Fran Martin, a Mennonite woman in eastern Pennsylvania, accompanied a friend to India 10 years ago. She was certain she would never return to India. She was wrong.
While there, she met a young West Bengali Christian who had grown up begging on trains to assist his handicapped parents put a little food on the table. Jagannath Banerjee was orphaned in his teens and came back home from a South Indian school with nothing except a vision to reach his people for Christ. Martin became his “mother,” and during the next decade, God forged an east/west partnership in mission through them.
That is, we thought it was new until a few weeks ago. Last autumn my wife, Jewel, and I set out with him on a tour of new Bengali house fellowships.
Banerjee thought Mennonites had served in the western corner of West Bengal and asked if we’d like to visit.

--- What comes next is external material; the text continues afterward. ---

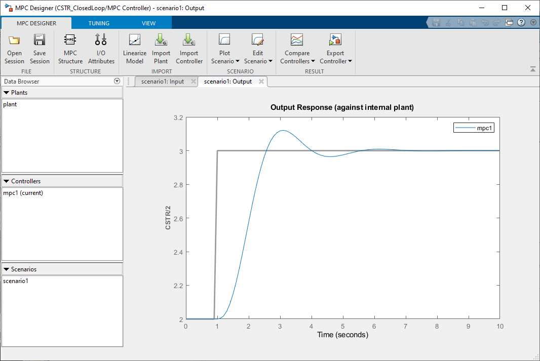 Контроллер MPC по умолчанию mpc1 создан с использованием линеаризованного растения в качестве внутренней модели прогнозирования

“Why not?” we said. “Maybe it has something to do with the first Old Mennonite mission to India in 1899.”
Before we arrived in Balarampur, the pieces began falling into place. We learned that Banerjee, some of his earliest Christian mentors and other leaders in today’s house-church movement traced their spiritual lineages back to that spot.

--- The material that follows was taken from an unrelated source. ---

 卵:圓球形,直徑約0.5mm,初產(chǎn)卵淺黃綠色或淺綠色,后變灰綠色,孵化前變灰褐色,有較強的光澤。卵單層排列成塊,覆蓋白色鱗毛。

There we saw the now-abandoned buildings of Bengali Bible Institute, the first such Bengali-language school in modern history, founded in 1963. Banerjee and others of his friends and mentors had been discipled through it. Together we learned to our surprise that it had self-identified as Mennonite.

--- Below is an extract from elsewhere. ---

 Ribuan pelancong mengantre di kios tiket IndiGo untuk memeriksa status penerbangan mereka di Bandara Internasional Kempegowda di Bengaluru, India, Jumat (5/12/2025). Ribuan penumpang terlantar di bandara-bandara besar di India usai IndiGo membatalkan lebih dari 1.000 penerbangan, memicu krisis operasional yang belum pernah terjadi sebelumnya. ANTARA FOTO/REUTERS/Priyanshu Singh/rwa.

“What kind of Mennonites?” we wondered. In one old campus building we met a former teacher who is now overseer for a group of Mennonite congregations. He didn’t know much about how they got there, but he knew that they are part of the United Missionary Church and that they are Mennonite.
“You can learn more when you get to Kolkata,” he said.
“OK,” we thought, “these were from Fort Wayne, Ind. They no longer identify as Mennonite in the U.S., but they have Anabaptist roots, and here they are still Mennonite.”
But there were other missing pieces. Isaac Burkholder, a close friend of Banerjee’s from Chambersburg, Pa., had found an old letter written to his great-uncle from Amos Horst, newly arrived missionary in Balarampur in 1905, well before the Fort Wayne Mennonites had come in the 1920s. Horst had eastern Pennsylvania Mennonite roots. We wondered who he was and how he got to West Bengal.
When we arrived in Kolkata, the final pieces began to fall into place.
“There was a Hephzibah Faith Mission in those years,” said Joren Barumata, current Indian Mennonite leader and former member of the Mennonite World Conference executive committee. “Horst came with them. But I don’t know much about Hephzibah. It merged with the United Missionary Church in the 1940s.”
We were coming full circle. In 2007 Fran Martin from Chambersburg met Banerjee from West Bengal, and a “new” partnership was formed. Yet 100 years earlier, Anabaptists, some with roots in her own home town, had first come to West Bengal. Furthermore, it was through their initiatives that Banerjee and other leaders of the current house-church movement were first discipled.
Both Indians and Americans sat in awe, reflecting on God links neither had imagined. Two towns and two little groups of Christians, American and Indian, reconnected in mission after a century.
Richard Showalter lives in Irwin, Ohio, and travels in Asia, Africa, the U.S. and beyond as a teacher, preacher, writer and servant.